For the serotonin 2A receptor, the key functional effect of its stimulation is an increase in the excitability of the hosting neuron. Serotonin 2A receptors are primarily expressed on an important type of neuron or brain cell in the brain, excitatory pyramidal neurons. More specifically, serotonin 2A receptors are especially highly expressed on excitatory pyramidal neurons in ‘layer 5’ of the cortex. The cortex is organised into layers of different cell types, like the different layers of a cake, and layer 5 is a deep layer, nearer the base than the icing (Weber & Andrade, 2010).

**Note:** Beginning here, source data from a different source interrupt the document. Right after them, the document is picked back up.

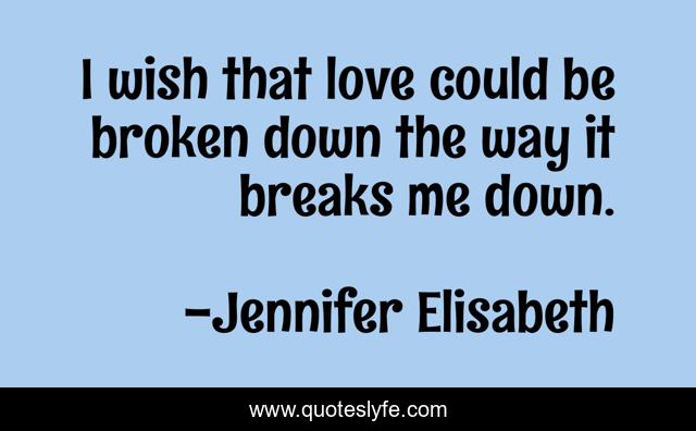 "Jennifer Elisabeth Quotes." Quoteslyfe.com, 2025. Mon. 08 Dec. 2025. <https://www.quoteslyfe.com/quote/I-wish-that-love-could-be-broken-107491>.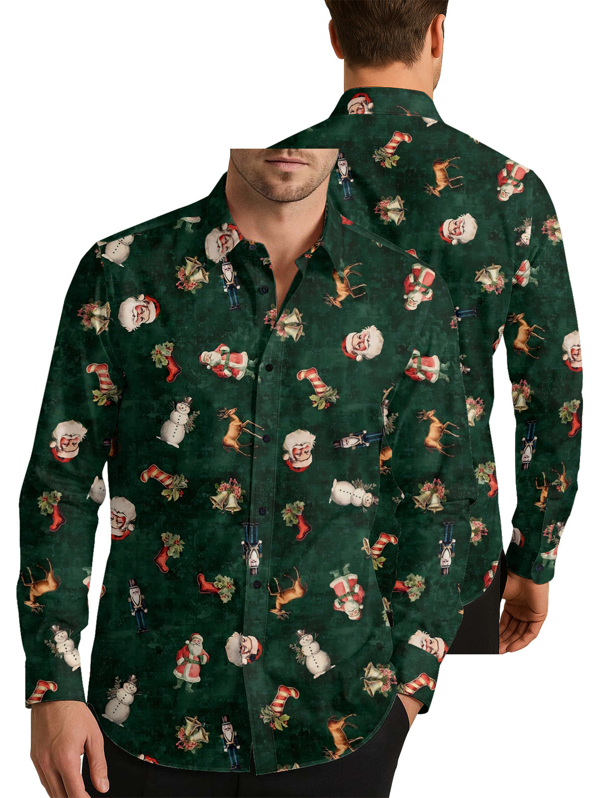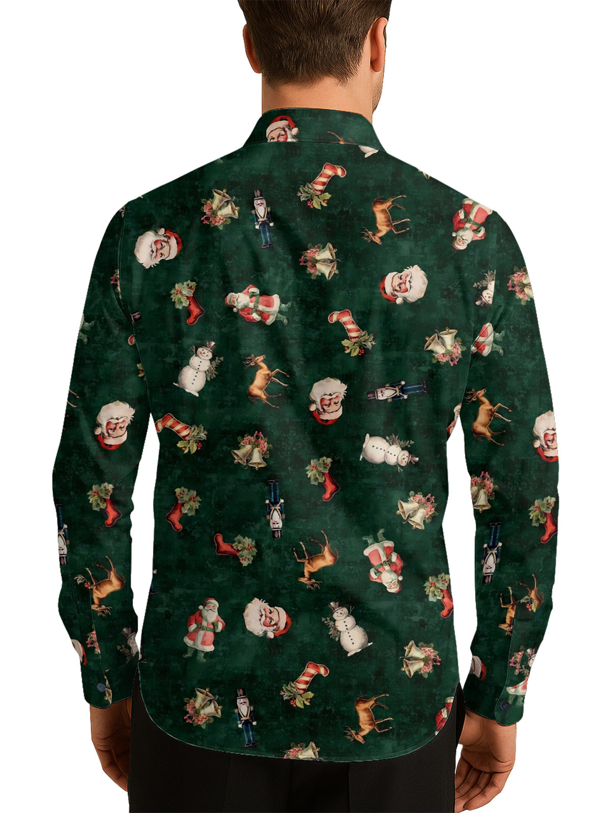 Vintage Christmas Men's Shirt Long Sleeve Button Up Shirt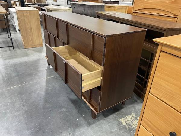 Brand New Walker Edison Modern Walnut 6 Drawer 60" Solid Wood Dresser with Vertical Accents Dimensions 32.88 in. H x 59.75 in. L x 18.31 in. W Located in Noblesville Just north of Costco next to...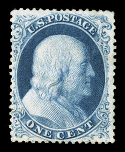 small corner crease and faint thin spot (latter not mentioned on accomp#21, 1c Blue, Ty. III, position 59L4, rare unused example, strong rich color and an excellent clarity of impression on fresh white paper, well centered and margined for this, small corner crease and faint thin spot (latter not mentioned on accompanying certificate), very fine appearance; 2005 PF certificate. (Image) $7,000.00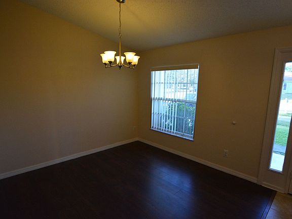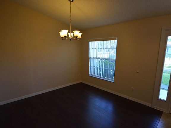 Beautiful 4BD/3BA, single-story house on a corner lot. New AC system for central cooling/heating, ceiling fans throughout, wood plank floors in living room, tile in kitchen and hallways, bedrooms are carpeted, kitchen eat-in area and fitted with all white appliances. Master bedroom has walk-in-closet, ensuite master bathroom with double sinks, shower and tub. Separate laundry room, enclosed screened porch, and storm shutters included. Spacious yard, no fence and a 2-car garage. Pets not allowed. Directions: Take I-95 S to Malabar Road NE in Palm Bay, continue on Malabar Road NE, take a right onto Emerson Drive NE and take a left onto American Blvd NE.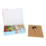 plaque en liège, pièces en bois et en carton pré-percées, petits clous, marteau en bois, 4 modèles recto verso, boîte de rangement

Layer 5 pyramidal neurons are especially important functional units in the brain as they are the principal source of output from a cortical region. They project to hierarchically subordinate, or ‘lower’, cortical and subcortical regions (e.g. from a visual association region to the primary visual cortex).
Layer 5 pyramidal neurons project heavily onto inhibitory interneurons and so the net effect of their excitation seems to be inhibitory (Bastos et al., 2012). This is important because hallucinogen-induced excitation of layer 5 pyramidal cells has been interpreted by some as evidence of a more general excitatory effect of these drugs, but as will be discussed in the forthcoming sections, recent animal electrophysiological and human neuroimaging recordings have cast further doubt on the assumption that hallucinogens have a general excitatory effect on cortical activity (Carhart-Harris et al., 2012; Wood et al., 2012).
Captured by the idiom ‘failing to see the woods for the trees’, these results are a reminder that one should not be too hasty to extrapolate from the activity of certain single units in the brain, since the interconnected nature of cortical circuits means that local excitation can translate into net inhibition, or rather ‘disorder’, at a higher level of the system. If John Donne was a neuroscientist, he might have said: ‘no neuron is an island, entire of itself’.